Carmine’s explanation of the reason for his aroma and its connection with the approaching interview plucked a tender chord in the soul of the Nipponese capitalist. It was time for a gift. Computer-chip watches were the fellow’s forte. He carried pocket samples with built-in alarms to dispense, as tokens, to sympathetic riffraff, wherever commerce guided him. An Italo-American required a device that played a tarantella. On the hour. And da capo once the first round was finished. A mere jab with a straight pin in Carmine’s forehead was enough to install the mechanism, relieving sinus pressure as it settled in. Time was told instinctively, to the inner man, with each blink of the eye.

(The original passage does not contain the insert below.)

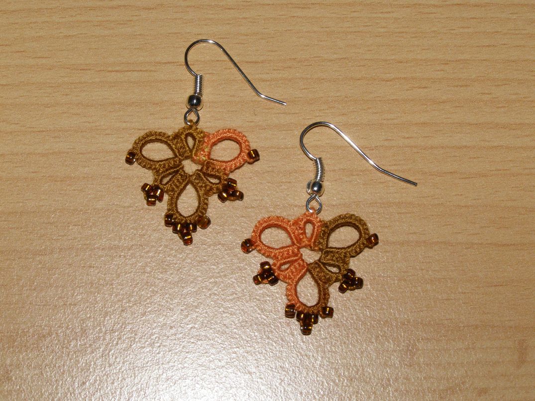 Náušnice - krajka - délka 2,3 cm (měřeno bez závěsu, pouze motiv), barva hnědo-oranžovo-žlutá (příze melír), ruční práce.

It reached 5:00 A.M. At least Carmine would not risk oversleeping. He escaped to his morning ablutions. Weariness so benumbed him that he forgot the effects a crisp new blade would have on his Mediterranean beard. He noticed the blood stains on his collar by the time he entered the subway, and watched them smear to Jackson Pollock proportions inside the train. Who would attribute them to a toilette gone awry? Suspicions of endemic Village perversions with high medical costs as hangovers would arise.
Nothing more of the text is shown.